All of lore.kernel.org
 help / color / mirror / Atom feed
From: Daniel Lezcano <dlezcano-NmTC/0ZBporQT0dZR+AlfA@public.gmane.org>
To: "Denis V. Lunev" <den-GEFAQzZX7r8dnm+yROfE0A@public.gmane.org>
Cc: containers-qjLDD68F18O7TbgM5vRIOg@public.gmane.org,
	ebiederm-aS9lmoZGLiVWk0Htik3J/w@public.gmane.org
Subject: Re: [PATCH] [NETNS49] support for per/namespace routing cache cleanup
Date: Wed, 17 Oct 2007 13:46:23 +0200	[thread overview]
Message-ID: <4715F60F.6060304@fr.ibm.com> (raw)
In-Reply-To: <20071017111215.GA29653-aPCOdVxUTlgvJsYlp49lxw@public.gmane.org>

Denis V. Lunev wrote:
> /proc/sys/net/route/flush should be accessible inside the net namespace.
> Though, the complete opening of this file will result in a DoS or
> significant entire host slowdown if a namespace process will continually
> flush routes.
> 
> This patch introduces per/namespace route flush facility.
> 
> Each namespace wanted to flush a cache copies global generation count to
> itself and starts the timer. The cache is dropped for a specific namespace
> iff the namespace counter is greater or equal global ones.
> 
> So, in general, unwanted namespaces do nothing. They hold very old low
> counter and they are unaffected by the requested cleanup.
> 
> Signed-of-by: Denis V. Lunev <den-GEFAQzZX7r8dnm+yROfE0A@public.gmane.org>

That's right and that will happen when manipulating ip addresses of the 
network devices too. But I am not confortable with your patchset. It 
touches the routing flush function too hardly and it uses 
current->nsproxy->net_ns.

IMHO we should have two flush functions. One taking a network namespace 
parameter and one without the network namespace parameter. The first one 
is called when a write to /proc/sys/net/ipv4/route/flush is done (we 
must use the network namespace of the writer) or when a interface 
address is changed or shutdown|up. The last one is called by the timer, 
so we have a global timer flushing the routing cache for all the namespaces.

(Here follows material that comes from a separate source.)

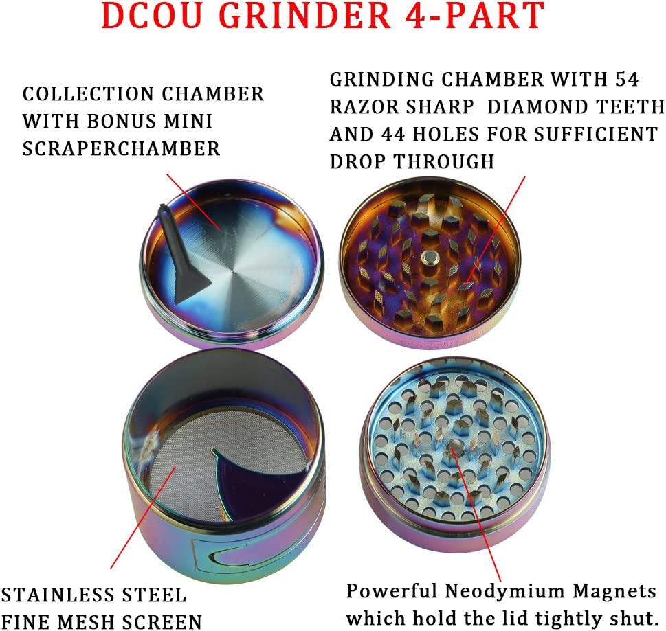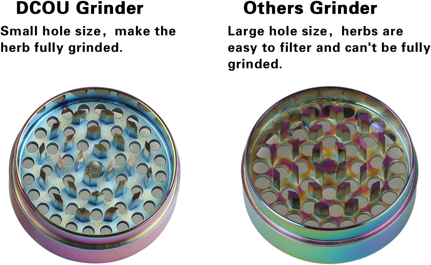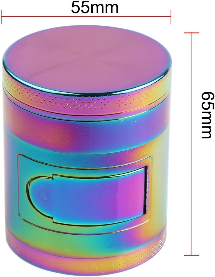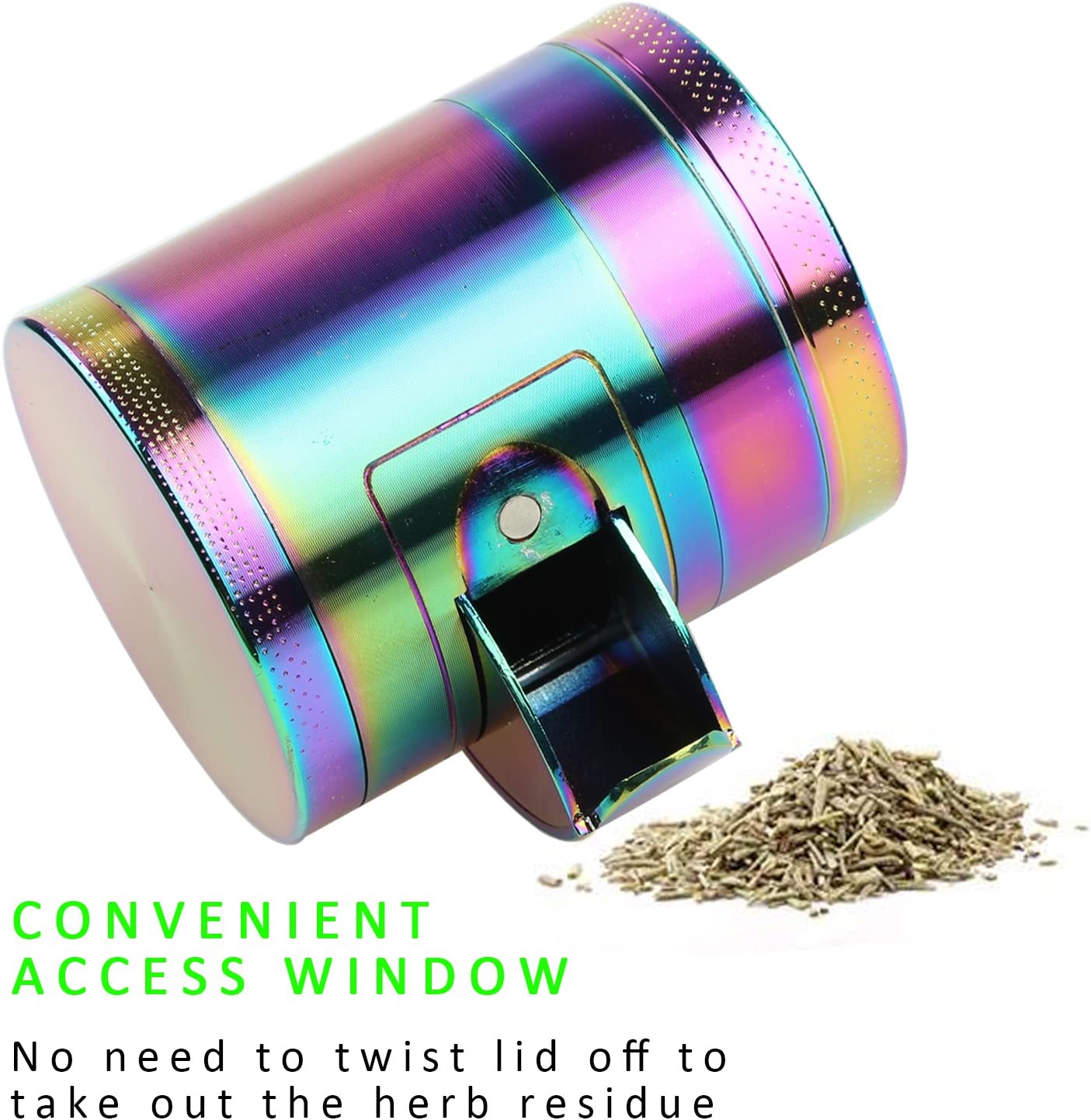 ProduDurable Zinc Alloy 2.2 Inches Rainbow Herb Grinder 4 Piece with Pollen Catcher Heavy Duty Spice Grinder with Access Window.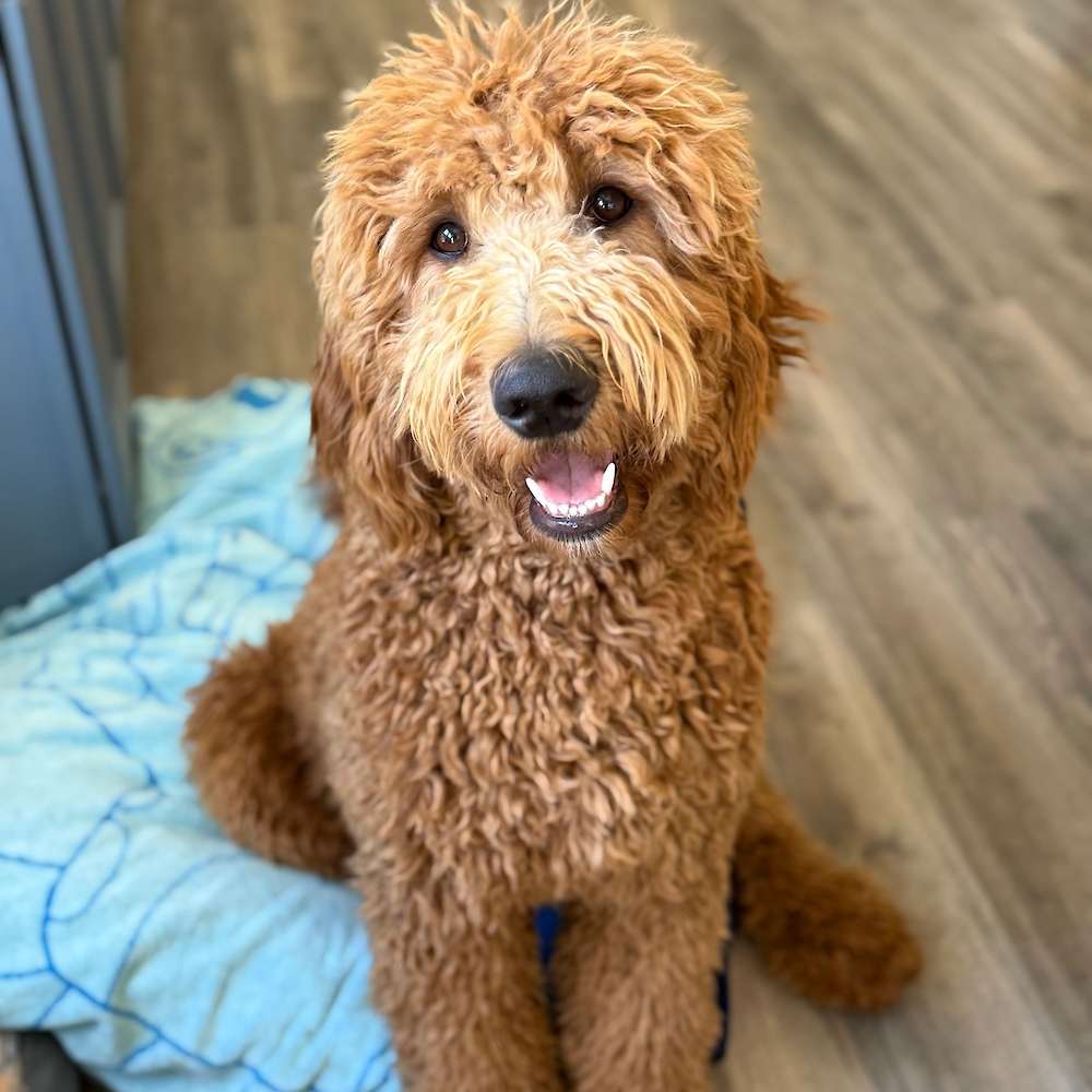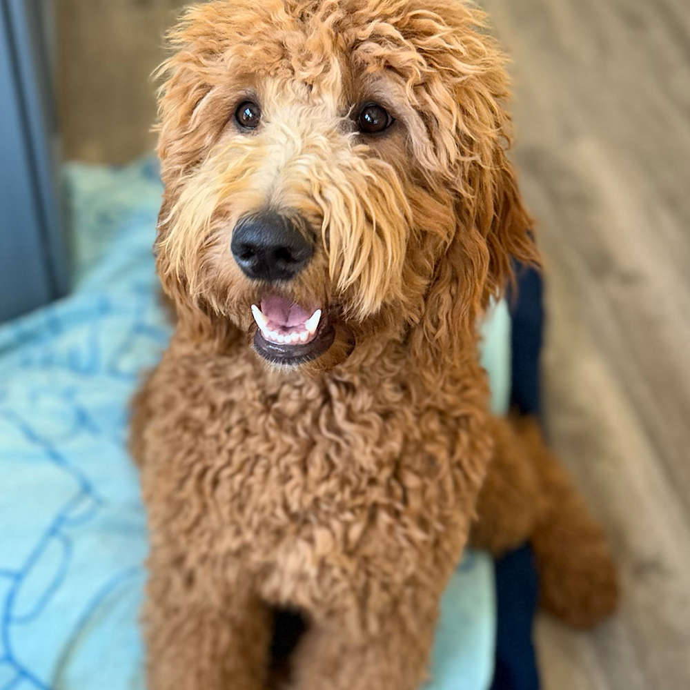 Brownie is an F1B Standard Golden Doodle who was born in our house. Her parents are Mia ( F1 Goldendoodle) and Mocha. ( AKC Standard Poodle) She is around 65 lbs and carries Intense Red and has a silky straight cost. She is a calm, gentle, and cuddle bug. She is DNA tested by Embark.

> diff --git a/include/net/net_namespace.h b/include/net/net_namespace.h
> index 85abf14..b492ce8 100644
> --- a/include/net/net_namespace.h
> +++ b/include/net/net_namespace.h
> @@ -143,6 +143,8 @@ struct net {
> 
>  	/* iptable_filter.c */
>  	struct xt_table		*ip_packet_filter;
> +
> +	unsigned long		rt_flush_required;
>  };
> 
>  extern struct net init_net;
> diff --git a/net/ipv4/route.c b/net/ipv4/route.c
> index f9a59ff..413587c 100644
> --- a/net/ipv4/route.c
> +++ b/net/ipv4/route.c
> @@ -91,6 +91,7 @@
>  #include <linux/jhash.h>
>  #include <linux/rcupdate.h>
>  #include <linux/times.h>
> +#include <linux/nsproxy.h>
>  #include <net/net_namespace.h>
>  #include <net/protocol.h>
>  #include <net/ip.h>
> @@ -642,6 +643,51 @@ static void rt_check_expire(unsigned long dummy)
>  	mod_timer(&rt_periodic_timer, jiffies + ip_rt_gc_interval);
>  }
> 
> +
> +static DEFINE_SPINLOCK(rt_flush_lock);
> +
> +#ifdef CONFIG_NET_NS
> +static unsigned long rt_flush_gen;
> +
> +/* called under rt_flush_lock */
> +static void rt_flush_required_set(struct net *net)
> +{
> +	/*
> +	 * If the global generation rt_flush_gen is equal to G, then
> +	 * the pass considering entries labelled by G is yet to come.
> +	 */
> +	net->rt_flush_required = rt_flush_gen;
> +}
> +
> +static unsigned long rt_flush_required_reset(void)
> +{
> +	unsigned long g;
> +
> +	spin_lock_bh(&rt_flush_lock);
> +	g = rt_flush_gen++;
> +	spin_unlock_bh(&rt_flush_lock);
> +	return g;
> +}
> +
> +static int rt_flush_required_check(struct net *net, unsigned long gen)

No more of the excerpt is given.